Let's start with an article from the London Spectator.



This is on the subject of one of the more famous jihadis, Abu Hamza. Hamza, through his firey anti-West speeches in London, attracted the attention of a fair number of men who would later have famous names: Zacarias Moussaoui and Richard Reid are two such.



The article finally comes down against deporting Hamza. I'm thinking the author is in the right here, conditionally. My reasons are as follows:



In the American South, we have had a long tradition of dealing with a group similar to Al Qaeda in most respects: the Ku Klux Klan. Anyone who has had occasion to listen to an old Klansman talk recognizes Hamza's attitude at once. There are "good" jews/blacks, but a lot of "bad" ones too, who need to be controlled or destroyed. The righteous, who understand the conflict at hand, are few and always at such an extremity of need that violence is justified as a method of controlling the evil, unfit men (if "men" is the right word, they will often add).

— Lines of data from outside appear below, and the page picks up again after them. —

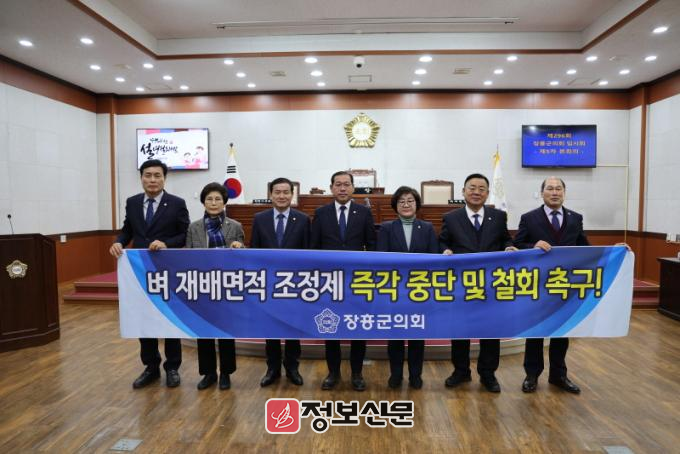 ![]() 장흥군의회, 김기용 의원 대표발의 벼 재배면적 조정제 철회 촉구 건의안 원안 가결 |
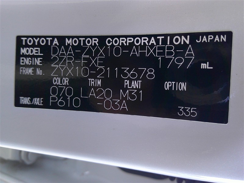 店舗管理ナンバー【531010766052】車台番号(下3桁)【678】
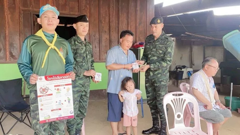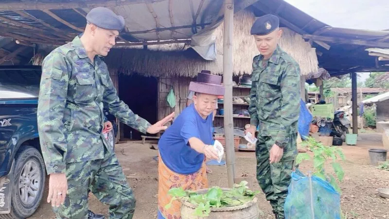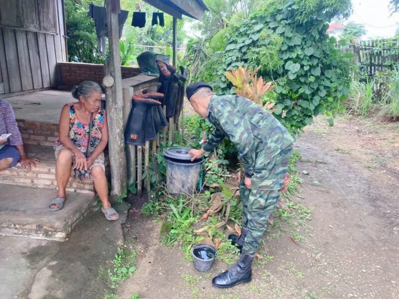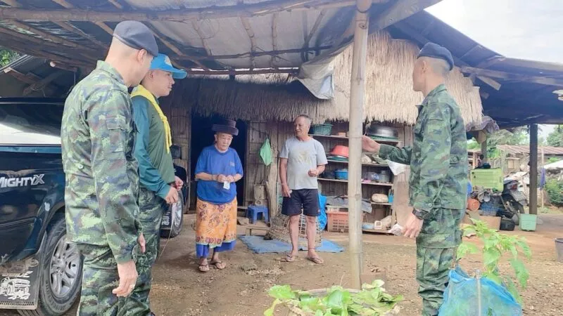 มณฑลทหารบกที่ 37 จัดกำลังพล “เราทำความ ดี ด้วยหัวใจ” นำโดย ร้อยตรี ณัฐพล บุญทับ หัวหน้าชุดประสานการคุ้มครองป้องกันชุมชน สถานีพัฒนาการเกษตรพื้นที่สูง ตามพระราชดำริ บ้านธารทอง พร้อมกำลังพล “เราทำความ ดี ด้วยหัวใจ” เพื่อแสดงออกถึงความจงรักภักดี และสำนึกในพระมหากรุณาธิคุณของพระบาทสมเด็จพระเจ้าอยู่หัว เข้าพบปะประชาชนซึ่งเป็นกลุ่มผู้สูงอายุ เพื่อสอบถามความเป็นอยู่ และเป็นการสร้างความสัมพันธ์อันดีระหว่างทหารกับประชาชน บ้านแม่เงิน หมู่ 6, บ้านไร่ หมู่ 7, และ บ้านธารทอง หมู่ 11 ซึ่งเป็นประชาชนกลุ่มผู้สูงอายุและกลุ่มเปราะบาง เพื่อสอบถามความเป็นอยู่ และเป็นการสร้างความสัมพันธ์อันดีระหว่างทหารกับประชาชน เนื่องจากห้วงนี้มีพายุ “คาจิกิ” เข้าในพื้นที่ประเทศไทยทำให้มีฝนตกหนักถึงหนักมากในบางพื้นที่ และเกิดพายุลมแรงทำให้เกิดฝนฟ้าคะนอง มีน้ำท่วมขัง ซึ่งอาจจะทำให้เกิดความเสียหายแก่บ้านเรือนของประชาชน ซึ่งอาจจะทำให้สูญเสียทั้งชีวิตและทรัพย์สิน จึงได้แจ้งเตือนอันตรายให้กับประชาชนได้ทราบ รวมทั้งประชาสัมพันธ์เกี่ยวกับโรคไข้เลือดออกไข้หวัด เนื่องจากห้วงนี้มีฝนตกในพื้นที่ ทำให้มีน้ำท่วมขังเป็นบ่อเกิดของลูกน้ำยุงลาย อีกทั้งในพื้นที่มีการเกิดไข้เลือด จึงมีความห่วงใยต่อสุขภาพของประชาชน จึงได้ให้แนะนำและวิธีการกำจัดลูกน้ำยุงลายเช่น ปิดปากภาชนะเก็บน้ำให้มิดชิดด้วยฝา ตาข่าย หรือผ้า เพื่อป้องกันยุงลายลงไปวางไข่ ไม่ว่าจะเป็นโอ่งหรือถังสำหรับเก็บน้ำกินน้ำใช้ และภาชนะอื่น ๆหากเป็นภาชนะเก็บน้ำที่จำเป็นต้องเปิดโล่ง เช่น แจกันดอกไม้ น้ำในเล้าไก่ กระถางพลูด่าง ไม่สามารถปิดให้มิดชิดได้ แนะนำให้เปลี่ยนน้ำในภาชนะทุกๆ 7 วันแทนกำจัดเศษวัสดุที่มีโอกาสเป็นแหล่งเก็บน้ำในบริเวณบ้านออกให้หมด ทั้งยางรถยนต์เก่า ขวด กระป๋อง เป็นต้น ทั้งนี้ได้มอบทรายโปรเบทไว้เพื่อใส่ป้องกันลูกน้ำยุงลายด้วย ผลการปฏิบัติเป็นไปด้วยความเรียบร้อย
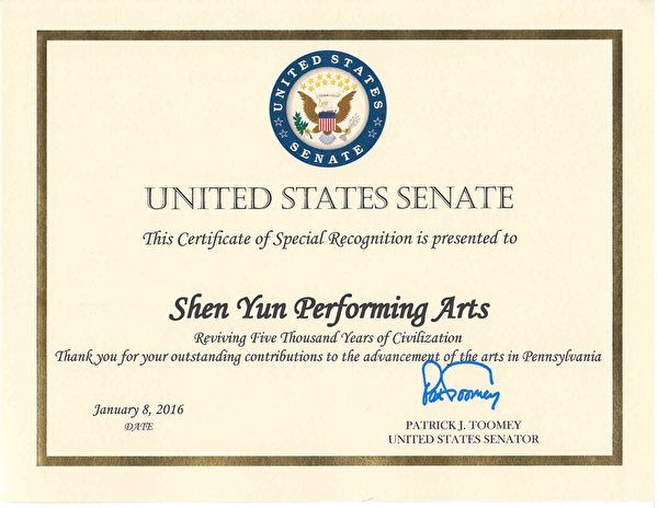 美国国会议员颁褒奖致信声援图为 Patrick J. Toomey的表彰证书
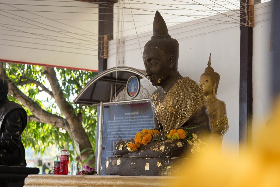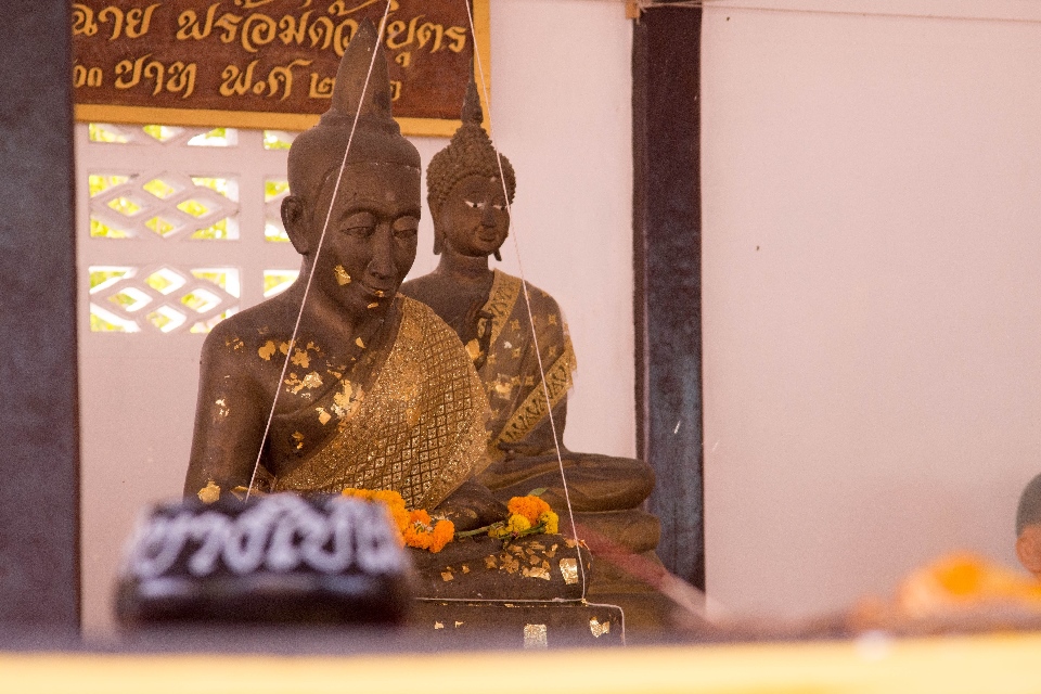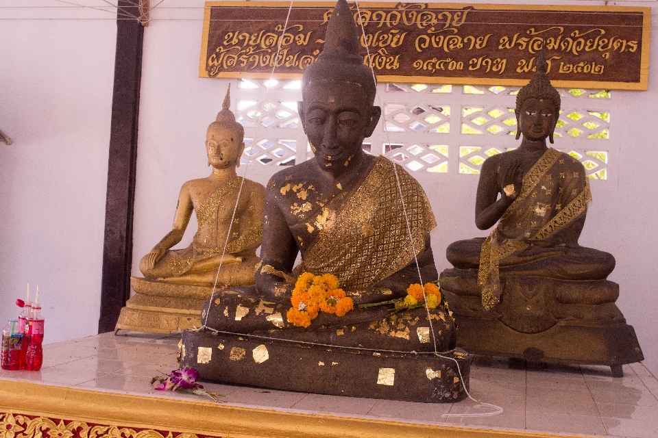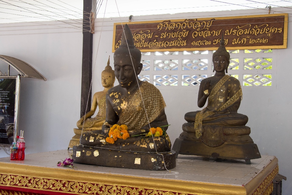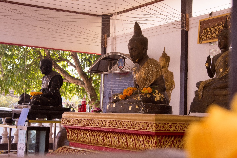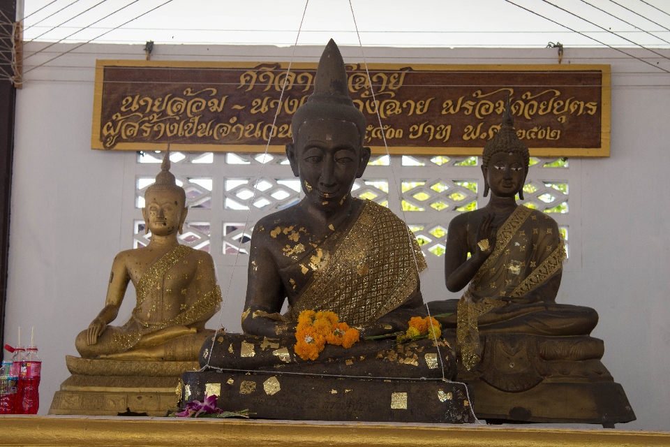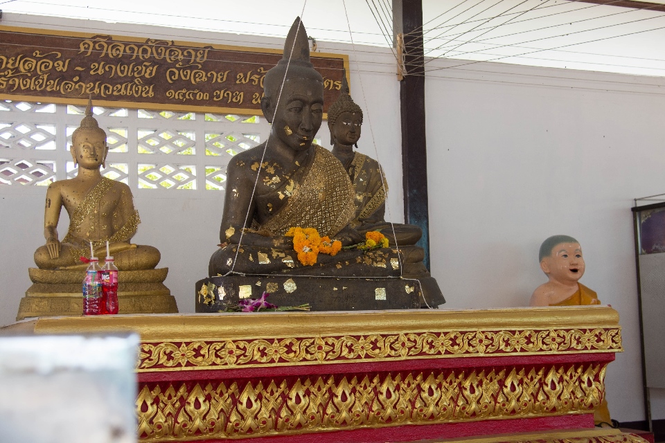แวะกราบสักการะหลวงพ่อข้าวสุกที่มีความศักดิ์สิทธิ์ยิ่ง ซึ่งประดิษฐานอยู่ภายในศาลาวัดบางใบไม้ เป็นพระพุทธรูปซึ่งสร้างขึ้นจากการนำข้าวก้นบาตรมาเป็นมวลสารในการปั้น เมื่อผ่านกาลเวลา ทำให้องค์หลวงพ่อเริ่มเอียงมาทางด้านหน้า ในปี 2541 จึงมีการนำทองแดงมาหุ้มองค์เดิมไว้จนถึงปัจจุบัน
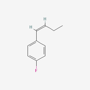 1-[(Z)-but-1-enyl]-4-fluorobenzene is a fluorinated aromatic compound featuring a Z-configured butenyl substituent at the para position of the benzene ring. The Z stereochemistry denotes that the higher-priority groups (fluorine and the butenyl chain) are on the same side of the double bond, influencing its spatial arrangement and reactivity. This compound is structurally characterized by:
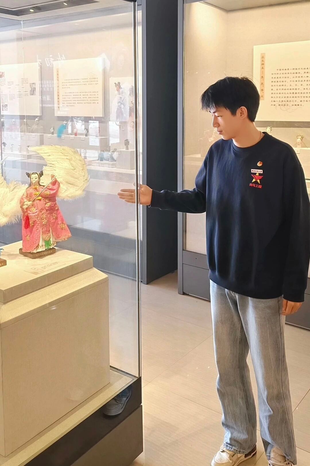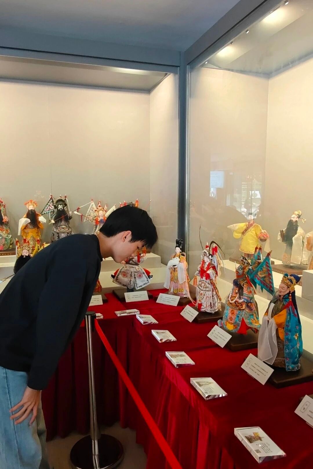 此外,实践队成员们还主动请教场馆讲解员,围绕"闽台非遗传播脉络""两岸技艺同源特征"展开深度访谈,询问南音"指谱"如何随闽南移民传入台湾并发展出独特流派,了解提线木偶戏在两岸节庆民俗中的共同演绎形式,探讨梨园戏"十八步科母"与台湾歌仔戏身法的传承关联等。实践队成员们认真记录讲解员的口述史料,拍摄珍贵文献与实物展品,系统梳理闽台非遗同根同源的核心资料,为后续研究积累素材。
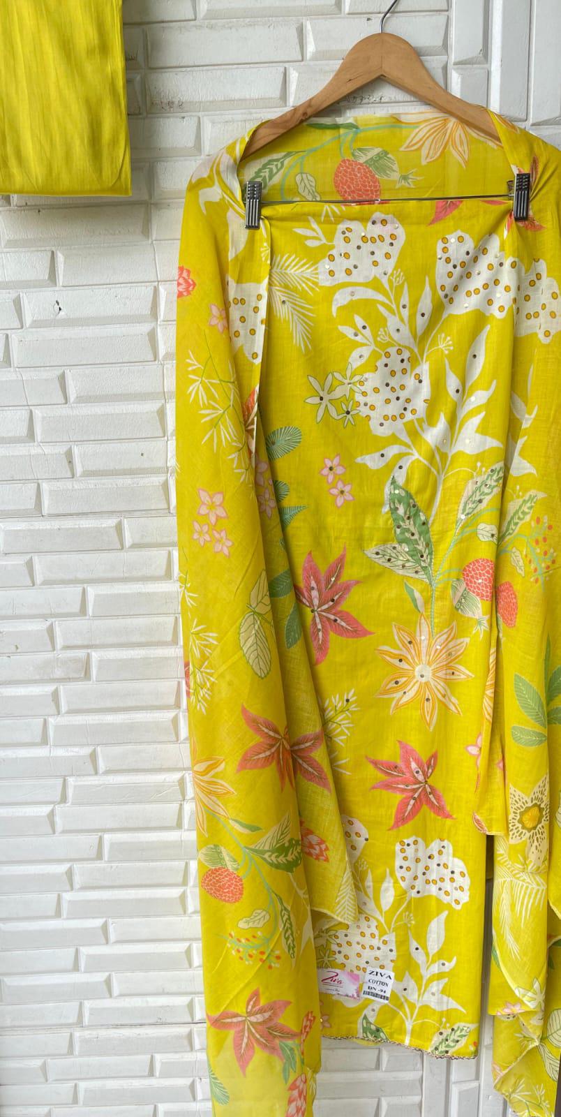 😊 cotton printed fabric un stitched shirt with mirror pathri zari embroidery
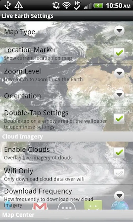 Live Earth includes numerous settings: five zoom levels, portrait and landscape modes, daytime only mode, nighttime only mode, with and without cloud imagery. You can show your location on the map, and you can center the map on your location or any other location in the world!
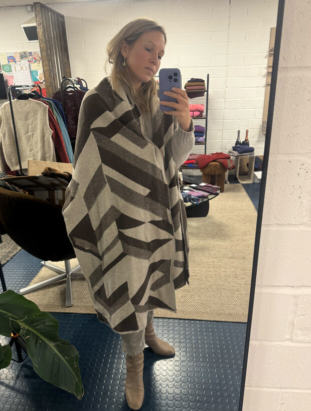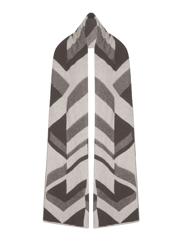 With its oversized silhouette and bold textural geometric pattern, this scarf is as versatile as it is striking. The blanket-like shape allows it to be styled in multiple ways to keep you warm and comfortable, while the jacquard knit reveals a tonal reverse — offering two looks in one.
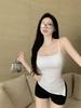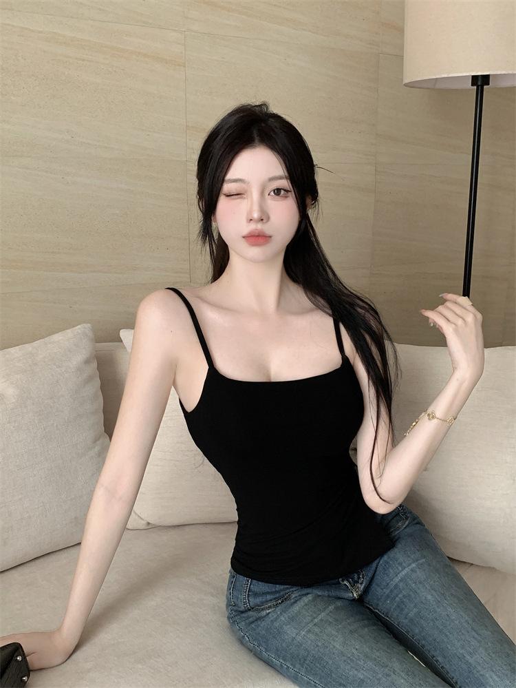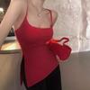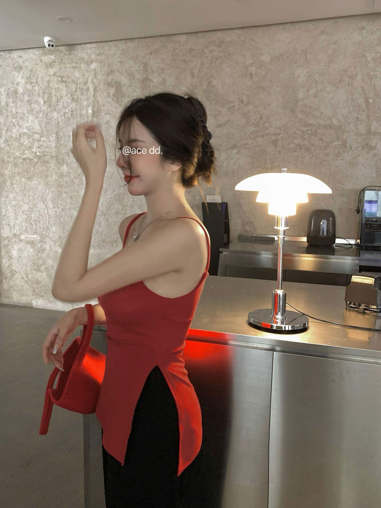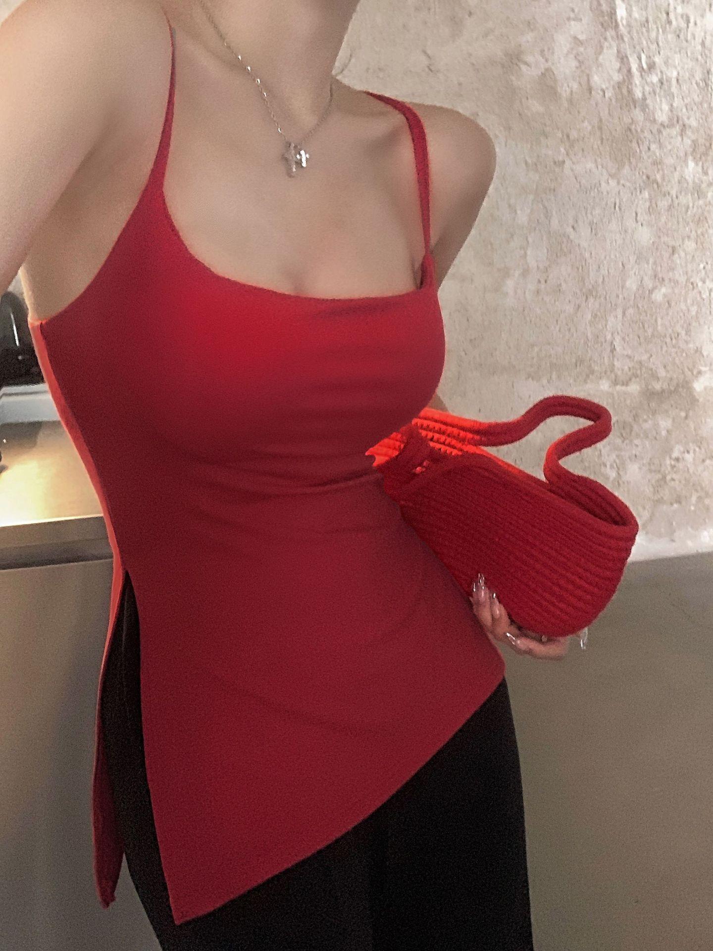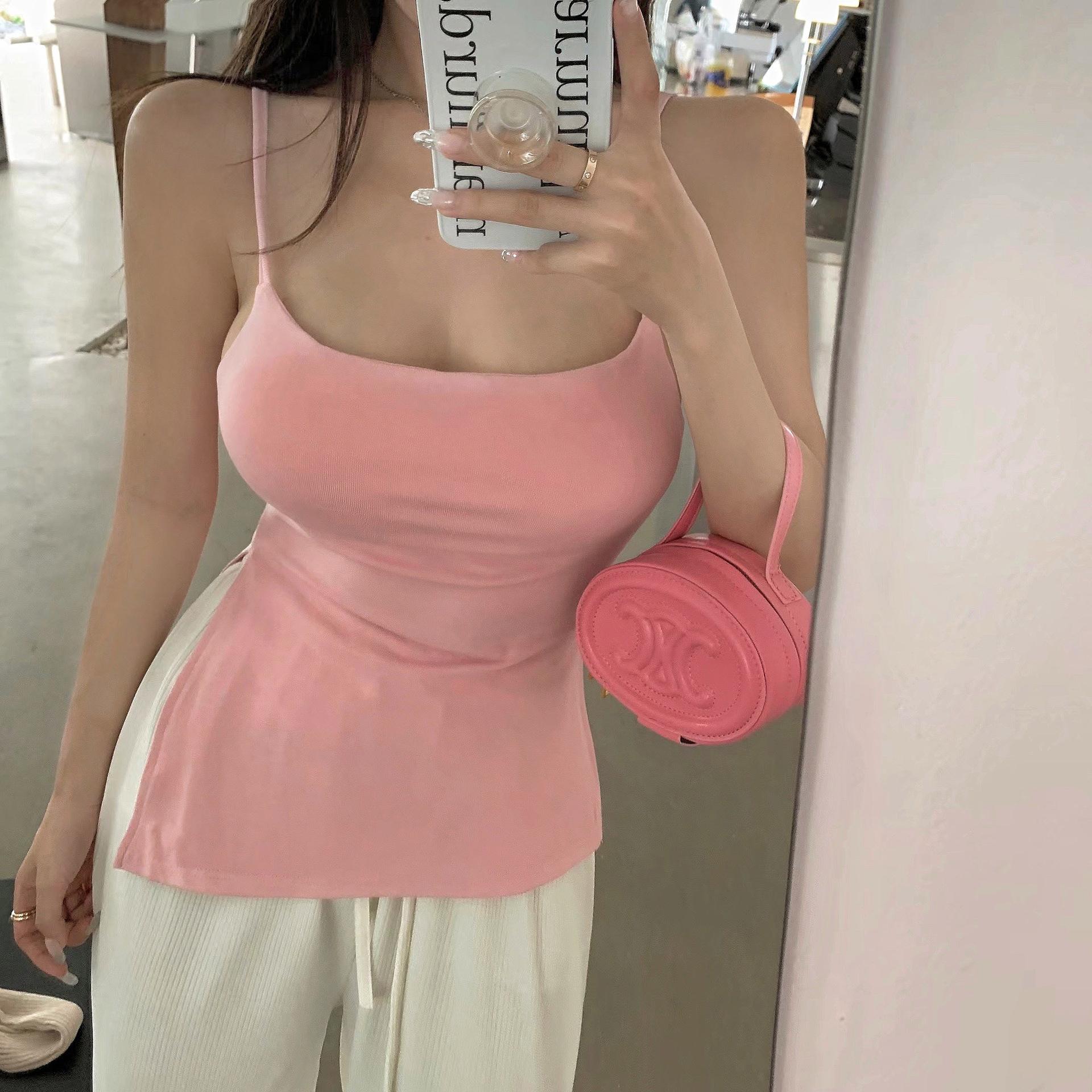 Sexy Spice Girl con Almohadilla en el Pecho Camisola Interior Ropa Exterior Verano Color Sólido Abertura Lateral Puro Deseo Ajustado Top Base

In my great-great grandfather's day, our family hunted and killed these folks in the mountains of Tennessee. The various White-terror groups, who later banded together into the KKK (even as various Islamist groups seem to be banding together now) used their power largely against the unarmed and frightened, through lynchings, whippings, and burnings. We did then what the Green Berets are doing now in the mountains of Afghanistan: it was a part of the history of freedom that is largely omitted from the history books, that guerrilla campaign that began with the end of the Civil War, and lasted through Reconstruction.



Now, though, the KKK has grown old and feeble. The response of most listeners is just as the response to Hamza mentioned in the article: after a few minutes' hearing, you recognize the madness. Men like Hamza serve to discredit their movements more than anything else that can be done. Let him stay, and talk.



But let us also do what we do with the KKK: infiltrate his group with informants. The aged Hamza, the old KKK man, they aren't dangerous, but they attract young men who are. Thus they are doubly useful: first in discrediting their movements to the reasoned majority, and second in drawing the dangerous young into our circle of vigilance, if only we trouble to maintain it.